> **Task requirements**: What you should output is the data below, unchanged in every character.

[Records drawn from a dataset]
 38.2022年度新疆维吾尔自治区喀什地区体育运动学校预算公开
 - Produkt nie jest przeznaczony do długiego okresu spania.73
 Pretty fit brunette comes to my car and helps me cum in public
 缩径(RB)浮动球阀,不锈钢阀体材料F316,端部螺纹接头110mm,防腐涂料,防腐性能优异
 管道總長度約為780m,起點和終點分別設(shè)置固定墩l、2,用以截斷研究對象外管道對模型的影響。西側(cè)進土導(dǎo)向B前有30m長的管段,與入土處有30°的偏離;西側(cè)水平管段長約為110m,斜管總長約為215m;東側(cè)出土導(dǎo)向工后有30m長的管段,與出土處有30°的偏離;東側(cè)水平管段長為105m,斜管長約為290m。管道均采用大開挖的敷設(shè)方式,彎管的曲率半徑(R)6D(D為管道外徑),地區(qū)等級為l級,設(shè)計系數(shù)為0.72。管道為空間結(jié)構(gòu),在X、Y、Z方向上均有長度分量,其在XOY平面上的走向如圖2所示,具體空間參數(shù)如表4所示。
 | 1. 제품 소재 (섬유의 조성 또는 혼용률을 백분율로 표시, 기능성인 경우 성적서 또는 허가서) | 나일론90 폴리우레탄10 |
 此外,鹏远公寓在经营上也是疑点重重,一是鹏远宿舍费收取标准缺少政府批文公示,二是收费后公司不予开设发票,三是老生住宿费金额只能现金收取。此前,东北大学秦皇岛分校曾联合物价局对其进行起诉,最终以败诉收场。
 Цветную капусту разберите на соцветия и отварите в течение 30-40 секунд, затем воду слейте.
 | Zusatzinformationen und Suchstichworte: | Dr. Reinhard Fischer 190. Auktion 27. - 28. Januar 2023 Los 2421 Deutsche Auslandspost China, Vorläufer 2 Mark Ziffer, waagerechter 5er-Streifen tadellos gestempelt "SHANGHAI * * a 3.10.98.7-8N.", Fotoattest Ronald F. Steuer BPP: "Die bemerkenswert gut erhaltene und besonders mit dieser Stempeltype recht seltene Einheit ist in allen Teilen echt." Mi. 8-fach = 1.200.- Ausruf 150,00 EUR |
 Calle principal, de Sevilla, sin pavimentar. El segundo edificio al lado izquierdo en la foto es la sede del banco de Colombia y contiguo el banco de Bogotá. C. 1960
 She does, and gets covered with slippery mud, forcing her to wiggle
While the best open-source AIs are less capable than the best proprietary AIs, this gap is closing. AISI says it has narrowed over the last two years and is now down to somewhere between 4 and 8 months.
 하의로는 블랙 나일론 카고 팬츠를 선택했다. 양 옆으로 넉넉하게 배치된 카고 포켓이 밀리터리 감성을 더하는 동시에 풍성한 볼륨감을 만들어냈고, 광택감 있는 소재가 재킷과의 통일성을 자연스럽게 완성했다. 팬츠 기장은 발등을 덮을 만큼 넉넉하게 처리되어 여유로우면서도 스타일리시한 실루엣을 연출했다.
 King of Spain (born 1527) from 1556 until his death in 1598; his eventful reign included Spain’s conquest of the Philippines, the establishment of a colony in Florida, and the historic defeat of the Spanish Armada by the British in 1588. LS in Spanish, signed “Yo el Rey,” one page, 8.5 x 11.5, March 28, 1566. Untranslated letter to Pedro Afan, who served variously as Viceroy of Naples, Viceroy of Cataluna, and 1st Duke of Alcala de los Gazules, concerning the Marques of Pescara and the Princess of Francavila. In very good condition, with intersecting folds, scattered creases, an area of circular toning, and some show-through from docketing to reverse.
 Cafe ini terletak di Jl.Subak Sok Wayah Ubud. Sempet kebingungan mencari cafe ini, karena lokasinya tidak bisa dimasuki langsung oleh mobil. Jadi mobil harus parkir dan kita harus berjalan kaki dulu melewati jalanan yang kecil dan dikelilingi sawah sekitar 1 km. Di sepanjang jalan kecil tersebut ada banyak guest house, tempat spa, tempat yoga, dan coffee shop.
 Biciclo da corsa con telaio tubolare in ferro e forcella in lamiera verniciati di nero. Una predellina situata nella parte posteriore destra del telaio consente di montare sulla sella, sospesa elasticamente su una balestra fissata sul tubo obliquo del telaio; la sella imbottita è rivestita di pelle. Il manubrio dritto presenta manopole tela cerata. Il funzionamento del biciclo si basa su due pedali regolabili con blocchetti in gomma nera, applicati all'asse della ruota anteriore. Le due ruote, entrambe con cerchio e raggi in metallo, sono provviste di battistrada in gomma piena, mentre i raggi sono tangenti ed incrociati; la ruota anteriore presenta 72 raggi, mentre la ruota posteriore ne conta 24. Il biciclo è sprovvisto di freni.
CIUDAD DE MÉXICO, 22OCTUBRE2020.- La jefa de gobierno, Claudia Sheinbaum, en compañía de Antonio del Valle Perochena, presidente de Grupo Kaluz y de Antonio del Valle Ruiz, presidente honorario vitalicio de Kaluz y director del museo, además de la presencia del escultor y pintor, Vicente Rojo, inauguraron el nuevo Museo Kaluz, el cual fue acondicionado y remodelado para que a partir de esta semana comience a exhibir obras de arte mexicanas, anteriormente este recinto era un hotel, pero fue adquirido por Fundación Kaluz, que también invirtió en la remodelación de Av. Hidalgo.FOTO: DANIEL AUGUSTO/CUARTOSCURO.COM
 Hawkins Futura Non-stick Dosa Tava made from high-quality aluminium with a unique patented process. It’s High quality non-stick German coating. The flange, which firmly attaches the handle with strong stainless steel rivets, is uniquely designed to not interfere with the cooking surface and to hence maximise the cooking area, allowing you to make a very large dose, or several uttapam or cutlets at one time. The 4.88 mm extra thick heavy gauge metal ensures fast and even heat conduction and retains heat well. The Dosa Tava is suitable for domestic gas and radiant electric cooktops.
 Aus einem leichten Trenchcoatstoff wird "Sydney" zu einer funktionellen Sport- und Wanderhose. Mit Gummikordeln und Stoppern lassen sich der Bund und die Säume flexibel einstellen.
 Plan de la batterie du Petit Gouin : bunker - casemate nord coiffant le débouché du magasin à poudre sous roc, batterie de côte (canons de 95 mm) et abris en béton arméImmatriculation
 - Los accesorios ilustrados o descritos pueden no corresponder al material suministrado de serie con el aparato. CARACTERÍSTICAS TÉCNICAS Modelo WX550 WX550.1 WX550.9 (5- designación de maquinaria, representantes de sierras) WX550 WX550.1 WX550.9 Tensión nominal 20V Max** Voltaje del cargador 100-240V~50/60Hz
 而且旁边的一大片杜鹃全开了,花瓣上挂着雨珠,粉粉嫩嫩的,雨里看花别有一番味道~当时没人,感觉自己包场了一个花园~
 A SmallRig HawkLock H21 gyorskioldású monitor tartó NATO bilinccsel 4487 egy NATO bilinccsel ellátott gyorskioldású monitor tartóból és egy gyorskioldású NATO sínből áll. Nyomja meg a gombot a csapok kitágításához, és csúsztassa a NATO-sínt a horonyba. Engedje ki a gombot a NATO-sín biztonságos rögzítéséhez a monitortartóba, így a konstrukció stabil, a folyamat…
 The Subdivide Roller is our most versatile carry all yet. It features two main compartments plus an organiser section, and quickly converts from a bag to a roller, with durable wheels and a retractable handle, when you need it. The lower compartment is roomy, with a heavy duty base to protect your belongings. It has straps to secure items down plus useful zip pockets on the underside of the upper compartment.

> **Task answer**:
 38.2022年度新疆维吾尔自治区喀什地区体育运动学校预算公开
 - Produkt nie jest przeznaczony do długiego okresu spania.73
 Pretty fit brunette comes to my car and helps me cum in public
 缩径(RB)浮动球阀,不锈钢阀体材料F316,端部螺纹接头110mm,防腐涂料,防腐性能优异
 管道總長度約為780m,起點和終點分別設(shè)置固定墩l、2,用以截斷研究對象外管道對模型的影響。西側(cè)進土導(dǎo)向B前有30m長的管段,與入土處有30°的偏離;西側(cè)水平管段長約為110m,斜管總長約為215m;東側(cè)出土導(dǎo)向工后有30m長的管段,與出土處有30°的偏離;東側(cè)水平管段長為105m,斜管長約為290m。管道均采用大開挖的敷設(shè)方式,彎管的曲率半徑(R)6D(D為管道外徑),地區(qū)等級為l級,設(shè)計系數(shù)為0.72。管道為空間結(jié)構(gòu),在X、Y、Z方向上均有長度分量,其在XOY平面上的走向如圖2所示,具體空間參數(shù)如表4所示。
 | 1. 제품 소재 (섬유의 조성 또는 혼용률을 백분율로 표시, 기능성인 경우 성적서 또는 허가서) | 나일론90 폴리우레탄10 |
 此外,鹏远公寓在经营上也是疑点重重,一是鹏远宿舍费收取标准缺少政府批文公示,二是收费后公司不予开设发票,三是老生住宿费金额只能现金收取。此前,东北大学秦皇岛分校曾联合物价局对其进行起诉,最终以败诉收场。
 Цветную капусту разберите на соцветия и отварите в течение 30-40 секунд, затем воду слейте.
 | Zusatzinformationen und Suchstichworte: | Dr. Reinhard Fischer 190. Auktion 27. - 28. Januar 2023 Los 2421 Deutsche Auslandspost China, Vorläufer 2 Mark Ziffer, waagerechter 5er-Streifen tadellos gestempelt "SHANGHAI * * a 3.10.98.7-8N.", Fotoattest Ronald F. Steuer BPP: "Die bemerkenswert gut erhaltene und besonders mit dieser Stempeltype recht seltene Einheit ist in allen Teilen echt." Mi. 8-fach = 1.200.- Ausruf 150,00 EUR |
 Calle principal, de Sevilla, sin pavimentar. El segundo edificio al lado izquierdo en la foto es la sede del banco de Colombia y contiguo el banco de Bogotá. C. 1960
 She does, and gets covered with slippery mud, forcing her to wiggle
While the best open-source AIs are less capable than the best proprietary AIs, this gap is closing. AISI says it has narrowed over the last two years and is now down to somewhere between 4 and 8 months.
 하의로는 블랙 나일론 카고 팬츠를 선택했다. 양 옆으로 넉넉하게 배치된 카고 포켓이 밀리터리 감성을 더하는 동시에 풍성한 볼륨감을 만들어냈고, 광택감 있는 소재가 재킷과의 통일성을 자연스럽게 완성했다. 팬츠 기장은 발등을 덮을 만큼 넉넉하게 처리되어 여유로우면서도 스타일리시한 실루엣을 연출했다.
 King of Spain (born 1527) from 1556 until his death in 1598; his eventful reign included Spain’s conquest of the Philippines, the establishment of a colony in Florida, and the historic defeat of the Spanish Armada by the British in 1588. LS in Spanish, signed “Yo el Rey,” one page, 8.5 x 11.5, March 28, 1566. Untranslated letter to Pedro Afan, who served variously as Viceroy of Naples, Viceroy of Cataluna, and 1st Duke of Alcala de los Gazules, concerning the Marques of Pescara and the Princess of Francavila. In very good condition, with intersecting folds, scattered creases, an area of circular toning, and some show-through from docketing to reverse.
 Cafe ini terletak di Jl.Subak Sok Wayah Ubud. Sempet kebingungan mencari cafe ini, karena lokasinya tidak bisa dimasuki langsung oleh mobil. Jadi mobil harus parkir dan kita harus berjalan kaki dulu melewati jalanan yang kecil dan dikelilingi sawah sekitar 1 km. Di sepanjang jalan kecil tersebut ada banyak guest house, tempat spa, tempat yoga, dan coffee shop.
 Biciclo da corsa con telaio tubolare in ferro e forcella in lamiera verniciati di nero. Una predellina situata nella parte posteriore destra del telaio consente di montare sulla sella, sospesa elasticamente su una balestra fissata sul tubo obliquo del telaio; la sella imbottita è rivestita di pelle. Il manubrio dritto presenta manopole tela cerata. Il funzionamento del biciclo si basa su due pedali regolabili con blocchetti in gomma nera, applicati all'asse della ruota anteriore. Le due ruote, entrambe con cerchio e raggi in metallo, sono provviste di battistrada in gomma piena, mentre i raggi sono tangenti ed incrociati; la ruota anteriore presenta 72 raggi, mentre la ruota posteriore ne conta 24. Il biciclo è sprovvisto di freni.
CIUDAD DE MÉXICO, 22OCTUBRE2020.- La jefa de gobierno, Claudia Sheinbaum, en compañía de Antonio del Valle Perochena, presidente de Grupo Kaluz y de Antonio del Valle Ruiz, presidente honorario vitalicio de Kaluz y director del museo, además de la presencia del escultor y pintor, Vicente Rojo, inauguraron el nuevo Museo Kaluz, el cual fue acondicionado y remodelado para que a partir de esta semana comience a exhibir obras de arte mexicanas, anteriormente este recinto era un hotel, pero fue adquirido por Fundación Kaluz, que también invirtió en la remodelación de Av. Hidalgo.FOTO: DANIEL AUGUSTO/CUARTOSCURO.COM
 Hawkins Futura Non-stick Dosa Tava made from high-quality aluminium with a unique patented process. It’s High quality non-stick German coating. The flange, which firmly attaches the handle with strong stainless steel rivets, is uniquely designed to not interfere with the cooking surface and to hence maximise the cooking area, allowing you to make a very large dose, or several uttapam or cutlets at one time. The 4.88 mm extra thick heavy gauge metal ensures fast and even heat conduction and retains heat well. The Dosa Tava is suitable for domestic gas and radiant electric cooktops.
 Aus einem leichten Trenchcoatstoff wird "Sydney" zu einer funktionellen Sport- und Wanderhose. Mit Gummikordeln und Stoppern lassen sich der Bund und die Säume flexibel einstellen.
 Plan de la batterie du Petit Gouin : bunker - casemate nord coiffant le débouché du magasin à poudre sous roc, batterie de côte (canons de 95 mm) et abris en béton arméImmatriculation
 - Los accesorios ilustrados o descritos pueden no corresponder al material suministrado de serie con el aparato. CARACTERÍSTICAS TÉCNICAS Modelo WX550 WX550.1 WX550.9 (5- designación de maquinaria, representantes de sierras) WX550 WX550.1 WX550.9 Tensión nominal 20V Max** Voltaje del cargador 100-240V~50/60Hz
 而且旁边的一大片杜鹃全开了,花瓣上挂着雨珠,粉粉嫩嫩的,雨里看花别有一番味道~当时没人,感觉自己包场了一个花园~
 A SmallRig HawkLock H21 gyorskioldású monitor tartó NATO bilinccsel 4487 egy NATO bilinccsel ellátott gyorskioldású monitor tartóból és egy gyorskioldású NATO sínből áll. Nyomja meg a gombot a csapok kitágításához, és csúsztassa a NATO-sínt a horonyba. Engedje ki a gombot a NATO-sín biztonságos rögzítéséhez a monitortartóba, így a konstrukció stabil, a folyamat…
 The Subdivide Roller is our most versatile carry all yet. It features two main compartments plus an organiser section, and quickly converts from a bag to a roller, with durable wheels and a retractable handle, when you need it. The lower compartment is roomy, with a heavy duty base to protect your belongings. It has straps to secure items down plus useful zip pockets on the underside of the upper compartment.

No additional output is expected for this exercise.